RoofNet introduces the largest and most geographically diverse multimodal dataset for roof material classification, comprising over 51,500 samples from 184 sites, to address the lack of global roof material data for natural hazard vulnerability modeling. The dataset pairs satellite imagery with text annotations and uses vision-language modeling with prompt tuning to classify 14 roofing types.

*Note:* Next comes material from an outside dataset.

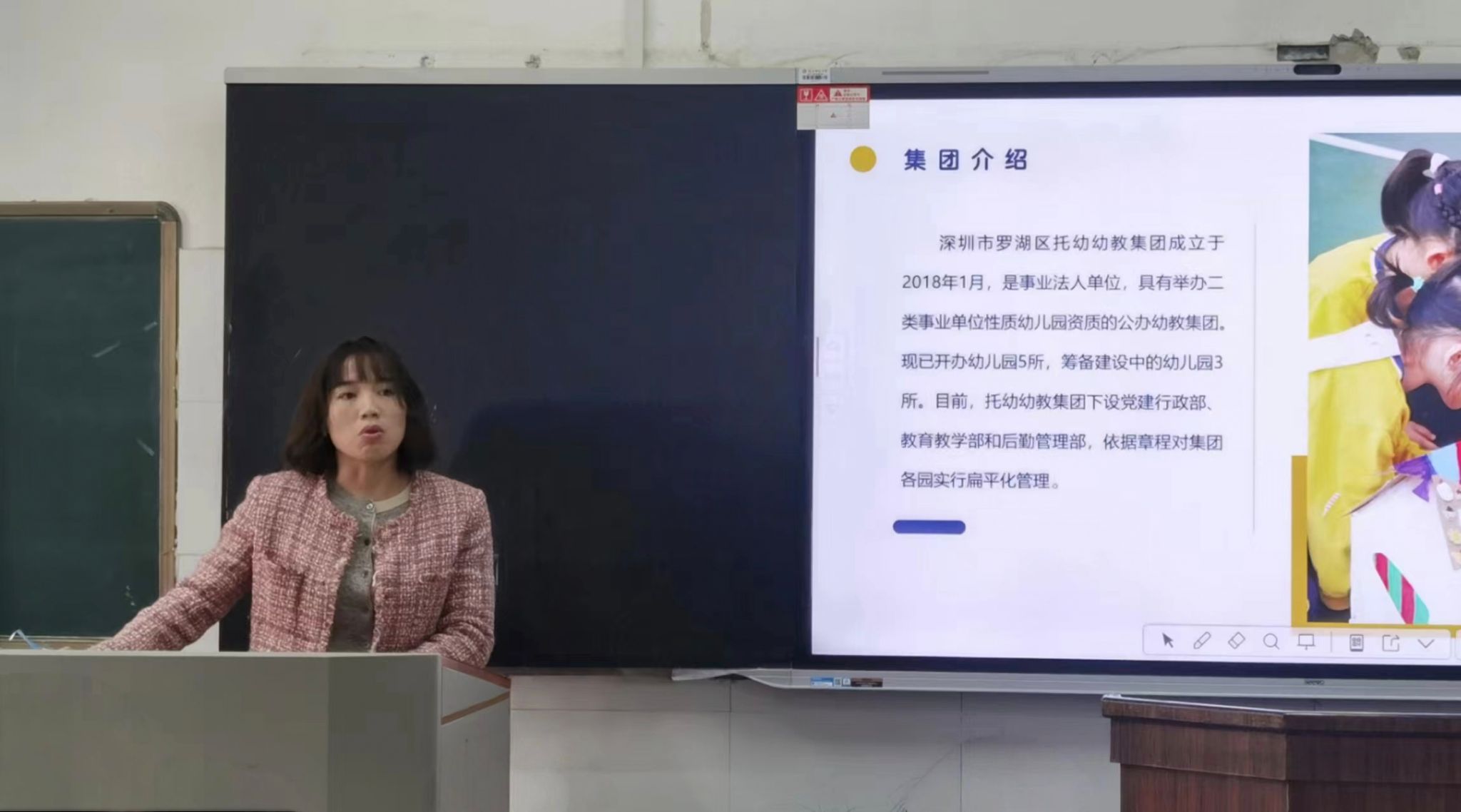 深圳市罗湖区托幼幼教集团负责人刘熹漫详细介绍了集团的发展历程、岗位需求以及福利待遇等情况。她表示,深圳市罗湖区托幼幼教集团属于深圳市公办幼教集团,致力于提供优质普惠学前教育。集团秉持“尊重、合作、发展、创新”的宗旨,致力于为幼儿提供全面发展的教育环境,同时注重教师的专业成长和职业发展,希望同学们能够深入了解单位情况,积极求职。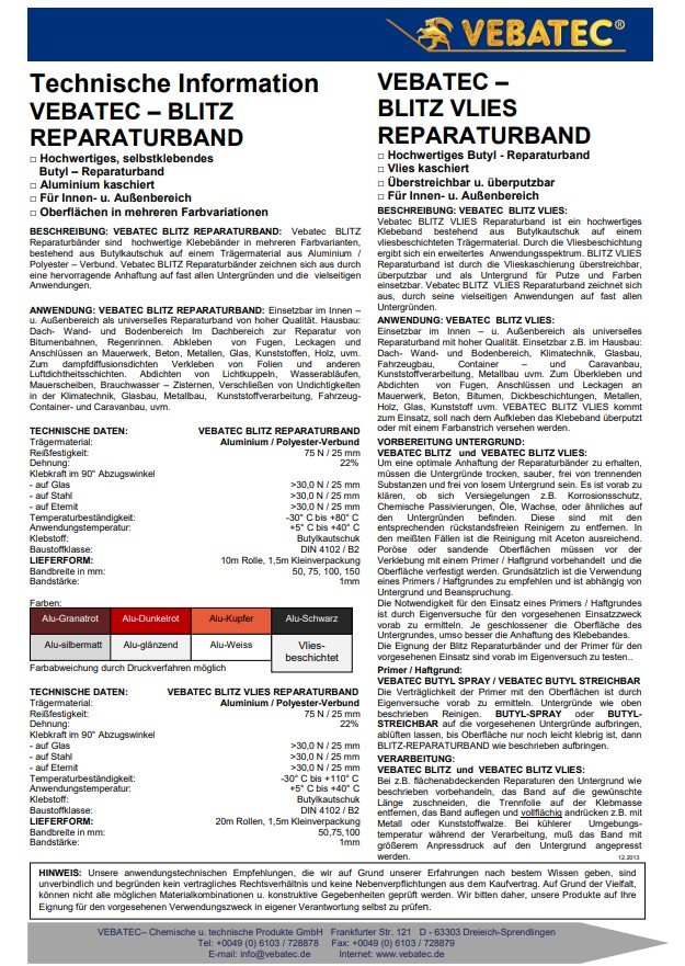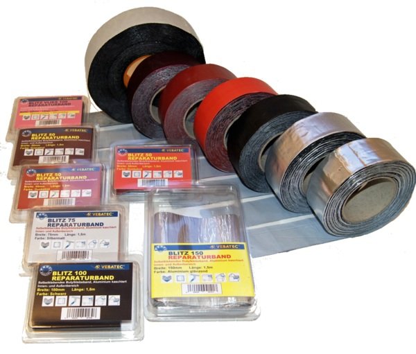 Vebatec Blitz Reparaturbänder sind hochwertige Klebebänder in 6 Farbvarianten, bestehend aus Butylkautschuk auf einem Trägermaterial aus Aluminium / Polyester-Verbund. Vebatec Blitz Reparaturbänder zeichnen sich aus durch eine hervorragende Anhaftung auf fast allen Untergründen und die vielseitigen Anwendungen.

Natural disasters are increasing in frequency and severity, causing hundreds of billions of dollars in damage annually and posing growing threats to infrastructure and human livelihoods. Accurate data on roofing materials is critical for modeling building vulnerability to natural hazards such as earthquakes, floods, wildfires, and hurricanes, yet such data remain unavailable. To address this gap, we introduce RoofNet, the largest and most geographically diverse novel multimodal dataset to date, comprising over 51,500 samples from 184 geographically diverse sites pairing high-resolution Earth Observation (EO) imagery with curated text annotations for global roof material classification. RoofNet includes geographically diverse satellite imagery labeled with 14 key roofing types and is designed to enhance the fidelity of global exposure datasets through vision-language modeling (VLM). We sample EO tiles from climatically and architecturally distinct regions to construct a representative dataset. A subset of 6,000 images was annotated in collaboration with domain experts to fine-tune a VLM. We used geographic- and material-aware prompt tuning to enhance class separability. The fine-tuned model was then applied to the remaining EO tiles, with predictions refined through rule-based and human-in-the-loop verification. In addition to material labels, RoofNet provides rich metadata including roof shape, footprint area, solar panel presence, and indicators of mixed roofing materials (e.g., HVAC systems). The dataset used in earlier experiments has been removed due to licensing constraints related to imagery sources. Results based on this dataset should be interpreted with caution. Updated experiments using compliant data are in progress.